The lack of dynamic directing class was worsen because, between the class that Larra called "of idlers and gossipers" and the number of poor people left after the end of the absolutism, Madrid barely had "a middle class, numbered and resigned with their true position". Larra knows what he is talking about.
If there is a middle class in Spain, industrial, manufacturer and commercial, it was not in Madrid, it was in Barcelona and Cádiz. Here in Madrid there are only high and low societies. There is the feeling, of course, of a middle class formed by the employees or decent proletarians, that " taken from their environment and thrown in the middle of the aristocracy, believe they are high class".
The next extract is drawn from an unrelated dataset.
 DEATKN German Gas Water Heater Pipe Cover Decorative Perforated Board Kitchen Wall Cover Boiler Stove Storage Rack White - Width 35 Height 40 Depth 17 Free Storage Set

A middle class, without any sureness on themselves, their possibilities or their power. From that decided Larra, among other things, that there were enough people for the opera and the bullfights, but not for the gardens, that at that time were open to every individual: " the fact that there is no people in the public gardens is the equivalent of saying there is no middle class ready to show their presence on the street".
The words of Larra don't paint the whole picture, because while he wrote, the events of the double revolution that impulse a radical transformation of the political game and the start of a differentiation of the classes had already began.
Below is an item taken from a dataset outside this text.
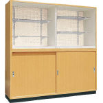 ●本体:木製・ポリエステル化粧板(オーク柄) ●ガラス引戸:5mm厚(透明) ●棚板(5mm厚・透明)4枚付 ●引戸:木製・ポリエステル化粧板・棚板2枚付 ●背板:有孔ボード ●台輪:木製・ポリエステル化粧板 |

Above all, the political revolution that liquidates the absolutism meant the return to Madrid of a large mass of exiled individuals that left the country, at different times. They were formed of as Carlos Marichal called them "the intelligence in exile": Canga, Argüelles, Alcalá Galliano, Martínez de la Rosa, Istúriz, Toreno, etc.
Their return to the capital was felt in another revolution, more than literary, cultural, called "Romanticism", that change Madrid into a dynamic center of the literary life, where everyone that believed inspire or felt the temptation of new glory, gathered.
Since the death of Fernando VII, added to the fall of a regime, Madrid observed, between the fever of romantic and revolutionary ecstasy, incessant theatricals premieres. Lacking the economic and political potency, Madrid is reafirmed, at least, the center of literary production.
The possibilities of writing, publishing and acting give way to new expressions of liberty. All these together with the literary production, open the doors to cafes, athenaeums and casinos, as the nobility open their palaces.
Before Fernando VII died, since 1830, a group of friends and disciples of Lista abandoned the "Café de Venice" to go to the "Café del Príncipe", that Larra though of "stuffy, dirty and opaque", and that produced the best social class meeting of the decade, "Parnasillo", where met Mesonero, Roca de Togores, Gil de Zárate, the Duke of Rivas and later on, reunited with his friends, around 1833, Espronceda.
In December of 1835 opens, thanks to an initiative presented by the Economic Society of Madrid, and with an inaugural speech from the Duke of Rivas, the Scientific Literary and Artistic Athenaeum, that offered courses and conferences on political rights, economy, philosophy, history, language, literature and all the possible branches of knowledge.
"The Liceo" is founded in 1837, and moves soon after its reunions to the palace of Villahermosa. From that same year is also the Prince's Casino, where all the well-known people met, in elegant and hand picked association, and that besides facilitating to the associates living rooms with magnificent carpets and luxurious armchairs to maintaing their evening parties, while establishing a rigid criteria for admission.
Who shined - wrote Azaña - wanted to be introduced to society, and nobody shined enough until it was introduced. In the Salons of Frias, Rivas and Monjita, the most brilliant geniuses of this middle class began, in the forty's, the rise to high society and politics.
Madrid was transformed into the center of attraction of the intellectual class, that the romantic period and the revolution, the clubs, the cafes and the salons, were introduced in society and politics.